Le moment est venu de moderniser la Loi sur Investissement Canada. Plus que jamais, le gouvernement doit prendre des mesures concrètes pour favoriser une économie novatrice et saine. Le contexte mondial a considérablement changé au cours des dernières années, notamment dans les domaines de la concurrence mondiale, de l’investissement, de la technologie et de l’accès aux minéraux critiques.

Ce dernier domaine, c’est-à-dire l’accessibilité aux minéraux critiques, est particulièrement important. Selon BloombergNEF, le Canada se classe au deuxième rang des 10 plus grands producteurs de minéraux critiques, et ce classement tient compte des exigences relatives à la durabilité.

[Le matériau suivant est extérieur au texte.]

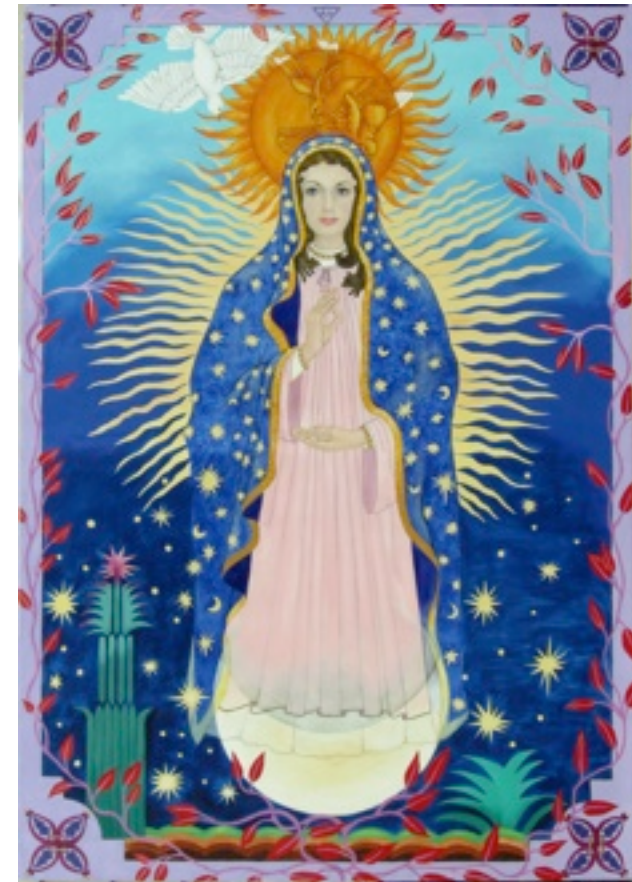
"Our Lady of Guadalupe", oil on canvas, 60" x 42"

www.dvbpaintings.com dzb@dvbpaintings.com
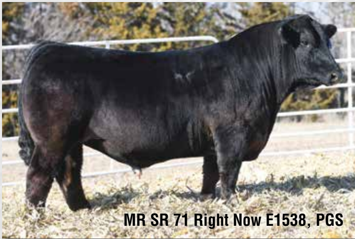
MR SR 71 Right Now E1538, PGS

Homo-black and homo-polled. You will drive a long ways to find a better Mic Drop calf. BW ratio of 88, WW ratio of 105 and 12 EPDs in the top 25%.
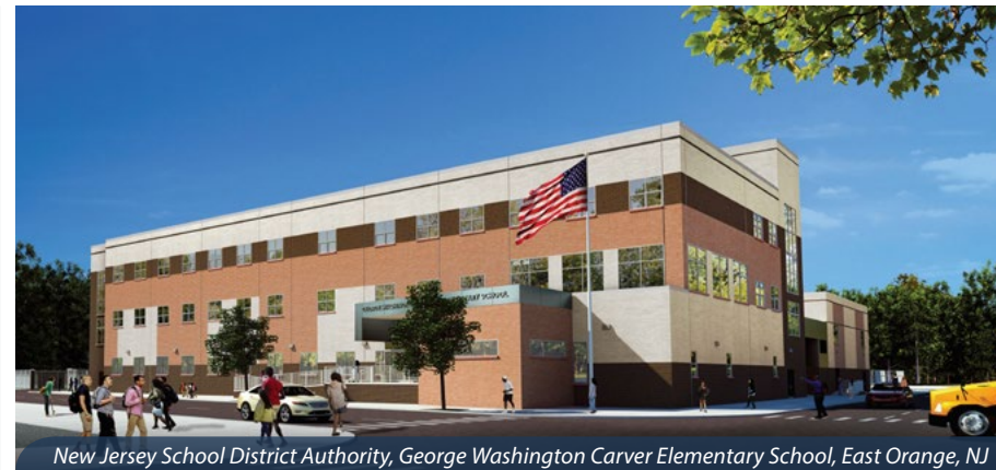
New Jersey School District Authority, George Washington Carver Elementary School, East Orange, NJ
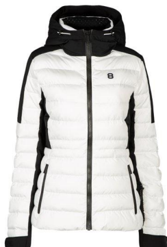
Blanc - 02
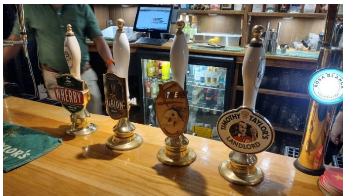
The Three Tons at Fen Drayton. Beer of the day for some of us was the Xtreme Ales Pigeon Ale....and pub of the day to some too!

passengers and I caught my train back some one-hour late but who cares.
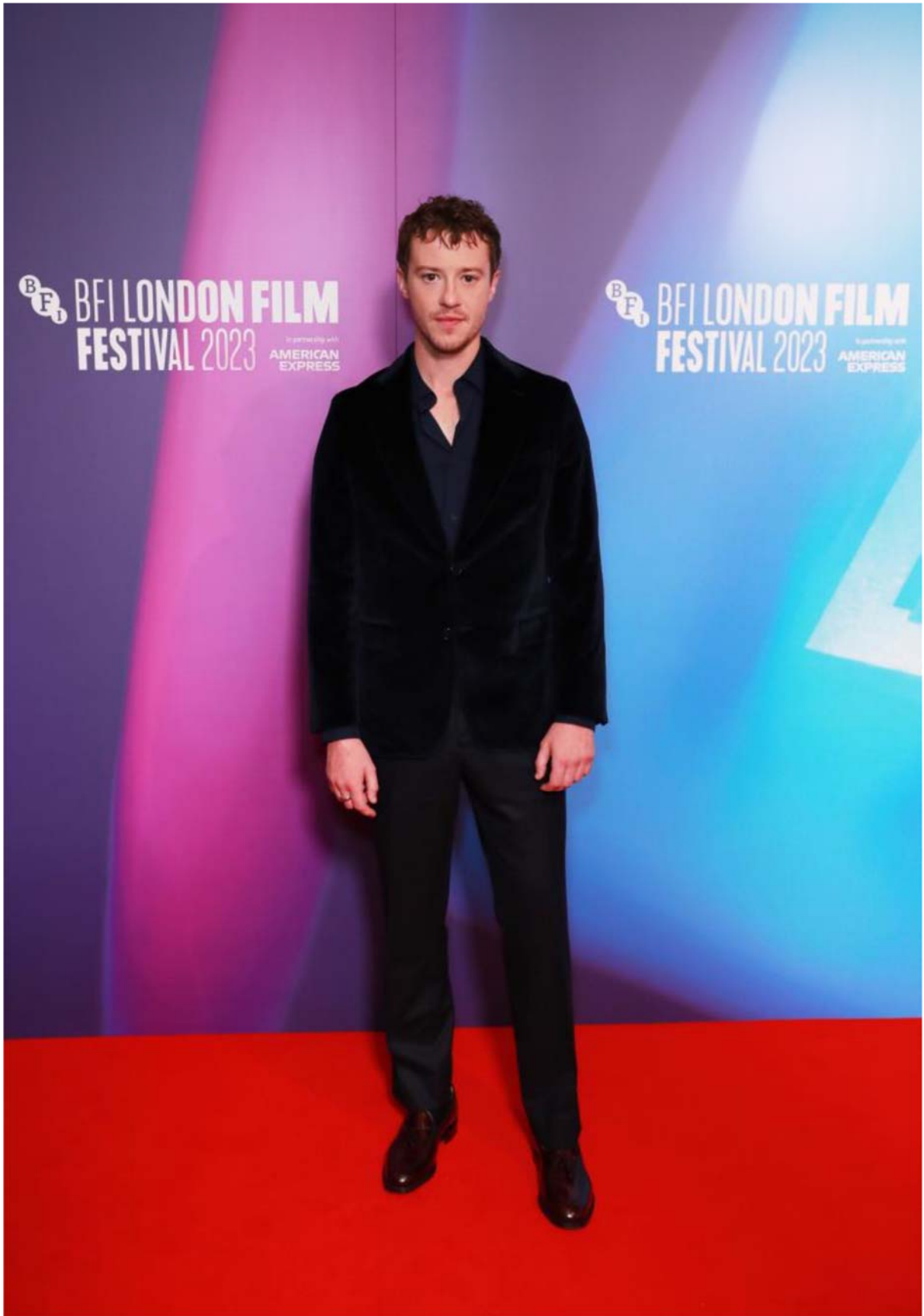
Joseph Quinn at BFI London Film Festival Kingsley Burgundy

Au début de l’année, Jakob Stausholm, le PDG de Rio Tinto, a parlé de projets miniers et métallurgiques dans le monde entier et a dit ceci : « Je ne pense pas qu’il y ait d’endroit au monde qui me rende plus optimiste que le Canada. » Ce sont là des signes encourageants que nous devons protéger.

L’excellence reconnue du Canada en matière de technologies émergentes et sensibles et en matière de minéraux critiques constitue une cible attrayante pour les États hostiles. Grâce aux amendements proposés au moyen du projet de loi C-34, le gouvernement s’assurera qu’il dispose des bons outils pour protéger ces secteurs ainsi que la propriété intellectuelle canadienne, les données personnelles et l’infrastructure.

Chers collègues, honorables sénateurs et sénatrices, le volume et la complexité des examens des investissements étrangers augmentent, et ce changement important justifie amplement le soutien à la modernisation de la Loi sur Investissement Canada.

Fondamentalement, le gouvernement a établi qu’un régime d’examen efficace doit être solide, transparent et flexible pour s’adapter à un monde en mutation, et le moment est venu de procéder à ces changements.

Ce projet de loi représente la plus importante mise à jour de la Loi sur Investissement Canada depuis 2009. Le gouvernement prend maintenant des mesures importantes pour examiner et moderniser des aspects clés de la loi, tout en veillant à ce que le cadre général destiné à soutenir l’investissement étranger nécessaire à la croissance de notre économie reste solide et ouvert.

Honorables sénateurs et sénatrices, nous devons tous reconnaître l’importance du projet de loi C-34, même si les projets de loi se terminant par le nombre 34 ne sont pas très populaires ces jours-ci dans cette Chambre. L’autre endroit a voté à l’unanimité pour appuyer le projet de loi après l’avoir étudié en comité, sans présumer de ce qui va se passer ici.

Au cours de son étude, le Comité permanent de l’industrie et de la technologie de la Chambre des communes s’est efforcé de peaufiner le projet de loi. Il était déterminé à faire en sorte que les amendements soient équilibrés afin de protéger la sécurité nationale du Canada sans nuire aux investissements étrangers avantageux.

Les membres du comité se sont réunis 12 fois et ont entendu de nombreux experts en la matière qui leur ont fourni des points de vue utiles et précieux sur le régime canadien d’examen des investissements, les questions de sécurité nationale, le traitement des actifs incorporels et la nécessité de veiller à ce que l’économie du Canada reste saine.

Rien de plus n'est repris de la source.